On Thu, 23 Oct 2025, Richard Biener wrote:
> On Wed, 22 Oct 2025, Richard Sandiford wrote:
>
> > Richard Biener <[email protected]> writes:
> > > The following tries to addess one shortcoming of the SLP permute
> > > optimization phase which is that it tries to refuse layouts that
> > > cannot revert to layout 0 on an edge even if layout 0 isn't actually
> > > valid. This hurts in particular on VLA vector targets where many
> > > permutes cannot be code generated. While for fixed-length targets
> > > costs eventually sort things out in a way to chose a "no permutation"
> > > setting the above check prevents VLA targets from arriving there.
> >
> > I'm not sure this is the right way to go. The subpass is supposed
> > to be an optimisation pass rather than a legitimisation/"make something
> > vectorisable" pass. The cost function is purely aimed at reducing
> > permutations rather than at turning unvectorisable graphs into
> > vectorisation ones. If the pass happens to make something vectorisable,
> > that happens by chance rather than by design.
>
> Note while the change turns something not vectorizable into something
> vectorizable it does so by enabling permute optimization to see that
> a load permutation can be fully elided. This currently does not work
> because of the imposed "the reverse permute has to be code generatable"
> check(s).
>
> The existing handling of [in_layout_i == 0 &&] out_layout_i == 0 for
> a not code generatable permute made me think that the fact that
> layout 0 isn't code generatable shouldn't prevent us from arriving
> at the optimal (just from a cost perspective) layout configuration.
>
> To this extent, do you agree with the proposed change to
> internal_node_cost to anticipate redundant permute eliding?

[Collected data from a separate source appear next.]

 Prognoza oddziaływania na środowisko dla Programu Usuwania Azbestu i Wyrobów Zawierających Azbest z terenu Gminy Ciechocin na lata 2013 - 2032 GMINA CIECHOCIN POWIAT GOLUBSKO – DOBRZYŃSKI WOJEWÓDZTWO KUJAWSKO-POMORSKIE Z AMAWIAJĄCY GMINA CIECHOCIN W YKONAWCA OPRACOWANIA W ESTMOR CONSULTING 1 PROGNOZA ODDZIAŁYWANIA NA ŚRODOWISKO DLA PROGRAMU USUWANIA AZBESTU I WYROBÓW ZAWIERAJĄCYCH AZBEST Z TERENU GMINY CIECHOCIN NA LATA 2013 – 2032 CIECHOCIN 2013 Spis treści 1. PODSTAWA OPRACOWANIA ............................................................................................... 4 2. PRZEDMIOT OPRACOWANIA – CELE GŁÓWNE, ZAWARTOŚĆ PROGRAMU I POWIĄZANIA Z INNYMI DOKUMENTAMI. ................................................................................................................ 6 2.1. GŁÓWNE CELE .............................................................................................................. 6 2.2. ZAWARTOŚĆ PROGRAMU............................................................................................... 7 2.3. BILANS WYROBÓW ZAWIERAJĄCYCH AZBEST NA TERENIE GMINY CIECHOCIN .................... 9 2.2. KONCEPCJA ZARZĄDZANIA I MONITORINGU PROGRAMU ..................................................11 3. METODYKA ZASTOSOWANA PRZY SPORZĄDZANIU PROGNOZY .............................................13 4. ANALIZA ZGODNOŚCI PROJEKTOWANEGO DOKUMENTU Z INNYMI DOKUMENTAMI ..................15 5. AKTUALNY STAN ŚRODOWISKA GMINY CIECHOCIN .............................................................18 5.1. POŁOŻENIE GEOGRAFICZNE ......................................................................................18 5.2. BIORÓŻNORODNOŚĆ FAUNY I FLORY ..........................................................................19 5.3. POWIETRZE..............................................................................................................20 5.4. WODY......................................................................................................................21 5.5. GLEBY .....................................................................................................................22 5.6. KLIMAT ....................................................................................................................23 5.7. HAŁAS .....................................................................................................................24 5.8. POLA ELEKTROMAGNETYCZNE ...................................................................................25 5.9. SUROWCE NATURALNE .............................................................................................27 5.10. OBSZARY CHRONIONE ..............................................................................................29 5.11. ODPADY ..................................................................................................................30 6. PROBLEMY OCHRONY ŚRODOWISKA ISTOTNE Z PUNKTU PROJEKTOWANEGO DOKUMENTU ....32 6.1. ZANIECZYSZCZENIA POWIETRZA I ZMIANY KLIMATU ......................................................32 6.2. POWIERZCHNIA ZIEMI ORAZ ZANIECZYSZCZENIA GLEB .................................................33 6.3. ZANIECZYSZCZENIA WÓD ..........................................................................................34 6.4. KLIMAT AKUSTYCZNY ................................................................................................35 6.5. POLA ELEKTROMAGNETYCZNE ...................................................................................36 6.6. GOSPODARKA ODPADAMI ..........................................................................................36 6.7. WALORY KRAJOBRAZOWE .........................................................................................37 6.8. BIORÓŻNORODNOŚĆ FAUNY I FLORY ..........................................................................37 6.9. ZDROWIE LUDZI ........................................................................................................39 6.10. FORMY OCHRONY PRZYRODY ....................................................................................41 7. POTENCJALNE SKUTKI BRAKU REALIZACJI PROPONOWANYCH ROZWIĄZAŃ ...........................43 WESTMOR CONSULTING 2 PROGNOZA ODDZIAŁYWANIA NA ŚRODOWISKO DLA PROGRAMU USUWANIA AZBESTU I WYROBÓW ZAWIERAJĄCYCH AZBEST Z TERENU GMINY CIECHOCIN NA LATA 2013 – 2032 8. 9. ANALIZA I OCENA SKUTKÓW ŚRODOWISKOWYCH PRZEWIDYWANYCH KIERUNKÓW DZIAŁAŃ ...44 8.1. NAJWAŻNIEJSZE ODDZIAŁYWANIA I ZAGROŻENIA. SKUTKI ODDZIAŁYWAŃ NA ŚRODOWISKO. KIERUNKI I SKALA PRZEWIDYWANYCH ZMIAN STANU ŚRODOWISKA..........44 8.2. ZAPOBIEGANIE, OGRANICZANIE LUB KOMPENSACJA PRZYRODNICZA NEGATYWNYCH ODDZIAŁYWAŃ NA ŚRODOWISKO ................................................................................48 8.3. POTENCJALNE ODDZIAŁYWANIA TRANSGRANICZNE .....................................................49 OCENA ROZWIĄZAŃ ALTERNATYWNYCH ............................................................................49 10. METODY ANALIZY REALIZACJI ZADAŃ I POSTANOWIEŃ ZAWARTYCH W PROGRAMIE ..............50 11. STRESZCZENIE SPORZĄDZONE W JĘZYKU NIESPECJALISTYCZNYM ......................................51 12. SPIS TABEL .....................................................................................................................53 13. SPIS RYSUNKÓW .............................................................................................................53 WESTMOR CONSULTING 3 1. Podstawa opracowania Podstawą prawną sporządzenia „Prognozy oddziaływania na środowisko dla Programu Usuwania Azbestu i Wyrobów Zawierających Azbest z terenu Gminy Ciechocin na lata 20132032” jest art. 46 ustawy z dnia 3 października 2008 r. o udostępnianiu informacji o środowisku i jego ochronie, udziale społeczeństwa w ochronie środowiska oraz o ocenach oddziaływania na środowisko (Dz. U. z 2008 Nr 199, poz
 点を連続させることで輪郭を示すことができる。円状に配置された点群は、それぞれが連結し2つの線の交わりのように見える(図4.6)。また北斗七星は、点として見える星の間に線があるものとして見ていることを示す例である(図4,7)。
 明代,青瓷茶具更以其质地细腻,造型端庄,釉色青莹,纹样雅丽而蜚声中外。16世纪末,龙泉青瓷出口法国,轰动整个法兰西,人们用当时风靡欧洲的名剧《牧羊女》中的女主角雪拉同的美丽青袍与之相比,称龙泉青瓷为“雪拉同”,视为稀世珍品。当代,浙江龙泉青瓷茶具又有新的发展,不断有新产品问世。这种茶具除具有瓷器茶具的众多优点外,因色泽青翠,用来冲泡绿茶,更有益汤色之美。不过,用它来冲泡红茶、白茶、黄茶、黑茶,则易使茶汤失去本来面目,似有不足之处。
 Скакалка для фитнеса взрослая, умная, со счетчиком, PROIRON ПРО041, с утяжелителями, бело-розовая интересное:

> One could argue that vect_transform_slp_perm_load_1 should
> not fail for those - in this case it fails for
> group_size == dr_group_size == 16 but nunits [4,4], so
> a !repeating_p permute.
>
> > I can see that a similar type of pass might be useful for pushing
> > permutations around until the graph is vectorisable. But I think
> > that should be a separate subpass that runs first, with a different goal
> > function. Perhaps it would share enough code with the optimisation pass
> > that they could both be subclasses of a common base class (not sure).
>
> I'll note that at least for permutes on loads we're in the difficult
> situation that permute lowering only handles
> interleaving patterns right now and other permutes are
> not lowered but left to vectorizable_load. Trying to legitimize
> those earlier (anticipating what vectorizable_load would do) would
> be nice but also necessarily dependent on VF (permute lowering also
> looks at VF and at a point where it's not yet final ...)
>
> But as you say, legitimizing should be separate from optimizing but
> the issue at hand is that optimizing on a not legitimized graph
> ties its hands because of the reverse permute requirement ...
>
> > > The patch fixes up internal_node_cost to anticipate redundant permute
> > > eliding and short-cuts the above requirement on edges to partitions
> > > that do not have a prefered layout with the idea we shouldn't have
> > > the need to revert to layout zero for those.
> > >
> > > The downside is that we now can arrive at invalid layout configurations
> > > which we deal with simply giving up.
> >
> > Right. I think that for other testcases that are currently successfully
> > optimised, and that are vectorisable with and without the optimisation,
> > we might lose optimisations by doing this, because the pass could get
> > stuck in a dead end. The risk is probably higher for VLA testcases,
> > due to the same property that motivates this patch.
> >
> > The change therefore feels like a bit of a hack to me.
>
> It probably is, esp. singling out that -1 layout. The question is
> what the alternative is?
>
> What's the purpose of rejecting the layout at
>
> /* Reject the layout if it would make layout 0
> impossible
> for later partitions. This amounts to testing that
> the
> target supports reversing the layout change on
> edges
> to later partitions.
>
> In principle, it might be possible to push a layout
> change all the way down a graph, so that it never
> needs to be reversed and so that the target doesn't
> need to support the reverse operation. But it
> would
> be awkward to bail out if we hit a partition that
> does not support the new layout, especially since
> we are not dealing with a lattice. */
> is_possible &= edge_layout_cost (ud, other_node_i, 0,
> layout_i).is_possible
> ();
>
> ? It seems we want to enable the backward pass to undo everything the
> forward pass did, because that might have gone "too far"? But we
> do not check that we can "undo", aka go back to the initial chosen
> layout (which is not always 0 but matches the reverse load permutation?)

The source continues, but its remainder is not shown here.